For \(\lambda\) = 380–1400 nm, a spectrally flat limit was recently introduced that recommends MP corneal irradiances of 25t−0.75 W/cm2 for \(t < 10 s, (t = 10, MP = 4.4\) W/cm2), and 4.0 W/cm2 for \(t > 10s\) 49. Based on the proposed limit the OCT light power on the cornea ( \(\sim 1.5 \,{\text{mW}}\)) and the PARS detection power (\(\sim 2\,{\text{to}}\,3 \,{\text{mW}})\) are well within the ANSI limits.

There are several aspects of the proposed system that can be further refined for future studies.

First, the current PARS-OCT system was developed using visible excitation wavelength for targeting oxygenated and de-oxygenated hemoglobin in the blood. However, the laser safety threshold for ocular imaging is stricter in the visible than in the NIR spectral range. Additionally, the retina is sensitive to the visible light, which might cause neurovascular coupling and affect the oxygenation as well as pose challenges to eye fixation during imaging. Therefore, to overcome these issues in future studies, the NIR spectral range can be examined as the excitation wavelength.

Second, the presented results in this study suffered from common problems associated with imaging of anesthetized animals including tear film breakup, drying of the corneas, and development of cold cataracts.

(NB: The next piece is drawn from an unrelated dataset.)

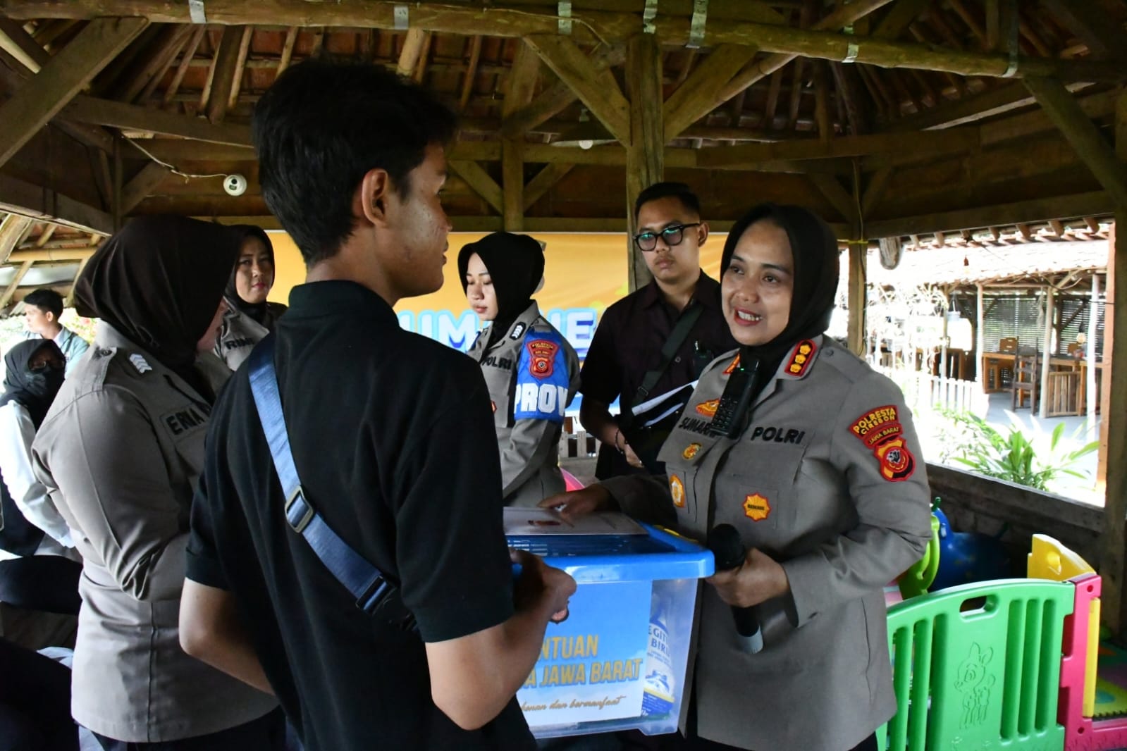 Bertempat di Rumah Makan Bageur Tengkleng, Desa Sampiran, Kecamatan Talun, Kabupaten Cirebon, kegiatan yang berlangsung pada Senin siang ini menjadi wujud nyata solidaritas Polri terhadap masyarakat yang sedang dalam kesulitan. Di bawah kepemimpinan Kapolresta Cirebon KOMBES POL Sumarni, S.I.K., S.H., M.H., bantuan disalurkan secara langsung kepada para keluarga korban dalam suasana haru dan penuh kehangatan.

These effects can be overcome by the use of a contact lens and transparent gel to maintain clarity and moisture in the cornea, and by maintaining and monitoring body temperature during imaging50. Most eye movements, including involuntary drift and saccades, are not present in rats under anesthesia. However, due to the eye motion caused by animal breathing and consequent head movements, there are still motion artifacts in the images. These motion artifacts can be prevented by employing a proper stereotactic animal holder. They can also be corrected in the post image processing stage.

Third, the oxygen saturation measurement accuracy can be improved by employing a more stable tunable light source, using three or more excitation wavelengths, and applying nonlinear processing techniques. Challenges remain in properly accounting for pigmentation, scatter, and spectral properties of the anterior optics that may alter or bias spectral measurements and degrade the integrity of the oximetric signal51. To test the full capability of the proposed system and how its accuracy is affected by these parameters requires further investigations.

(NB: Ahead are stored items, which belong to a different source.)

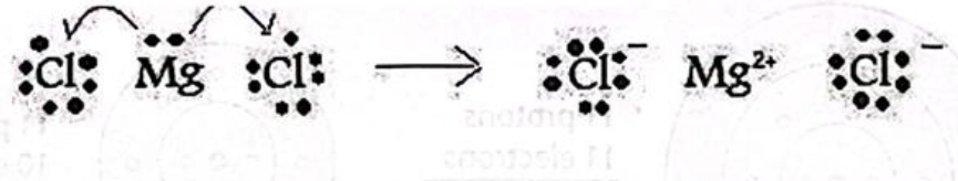 In this example, the magnesium atom is donating both of its valence electrons to chlorine atoms. Each chlorine atom can only accept 1 electron before it can achieve its noble gas configuration; therefore, 2 atoms of chlorine are required to accept the 2 electrons donated by the magnesium. Notice that the net charge of the compound is 0.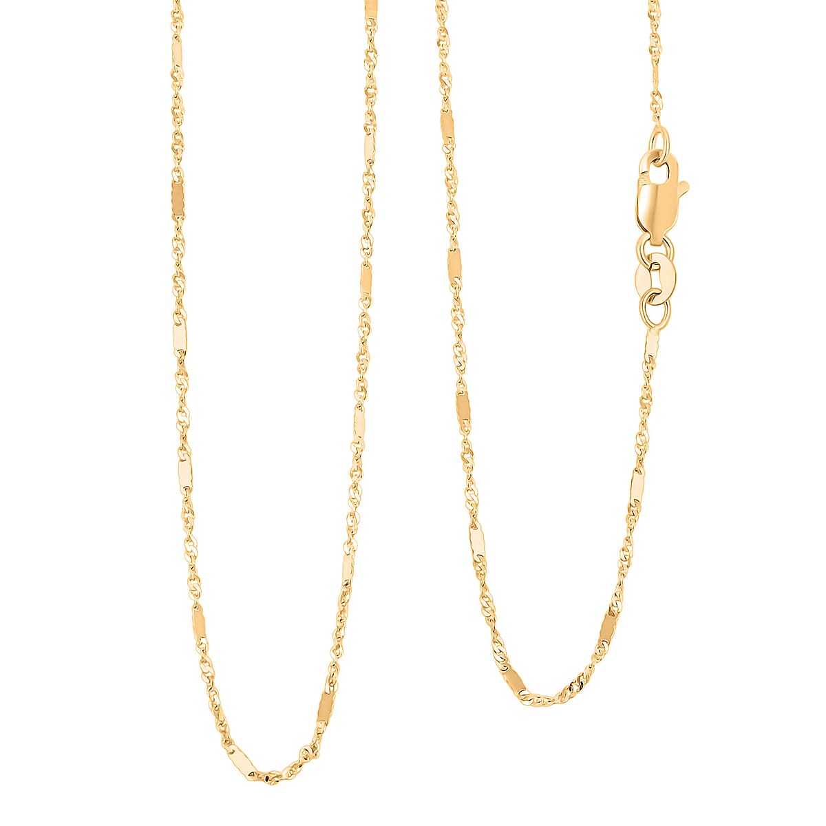 Elevate your look with this Singapore bar chain necklace in 14K yellow gold. This elegant fashion chain necklace features a sleek, twisted design that catches light beautifully. A versatile piece, it enhances both everyday and special occasion outfits with subtle sophistication.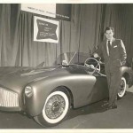 And….with the help of automotive historian extraordinaire Glenn Brummer, we have a picture of Herb Shriner, and the Glasspar G2 bodied Mota at the 1953 International Motor Sports Show here today:

In future, the multimodal capability of the system can be employed to enable simultaneous PARS-OCT imaging that could significantly increase the insight into retinal pathology. For example, the scanning pattern of the OCT system can be modified to enable Doppler OCT and OCT angiography and provide blood flow measurement and vasculature map, respectively. This information can be further combined with the non-contact oxygen saturation measurements of PARS to measure metabolic rate of oxygen consumption in the ocular environment in both small and large vessels. The system can be further applied for evaluating the effects of visually evoked stimulus and how they could change the retinal activity. It can also be used in longitudinal studies on larger animal models like rabbit and monkeys with size of eyeballs closer to that of humans. Additionally, the current design of PARS microscopy reads out phase-insensitive intensity reflectivity, and the detected signals do not produce depth-resolved information25. Therefore, OCT can add the depth-resolved scattering information to the chromophore selected absorption information of PARS and provide a comprehensive map of the tissue structure and functional properties. Also, the feasibility of using a single light source for PARS and OCT imaging can be explored in future studies. This would reduce the complexity and costs of the system and lower the optical power entering the eye. Additionally, it will be easier to generate synchronized and co-registered PARS and OCT images.

Conclusion

In conclusion, for the first time, a non-contact photoacoustic imaging technique was applied for in-vivo measuring of retinal SO2. It was also the first time in-vivo imaging of retina was demonstrated using a non-contact photoacoustic imaging modality. The proposed method can be a measure step toward non-invasive measurement of metabolic rate of oxygen consumption in retina, and it can further improve the diagnosis and treatment of important eye diseases.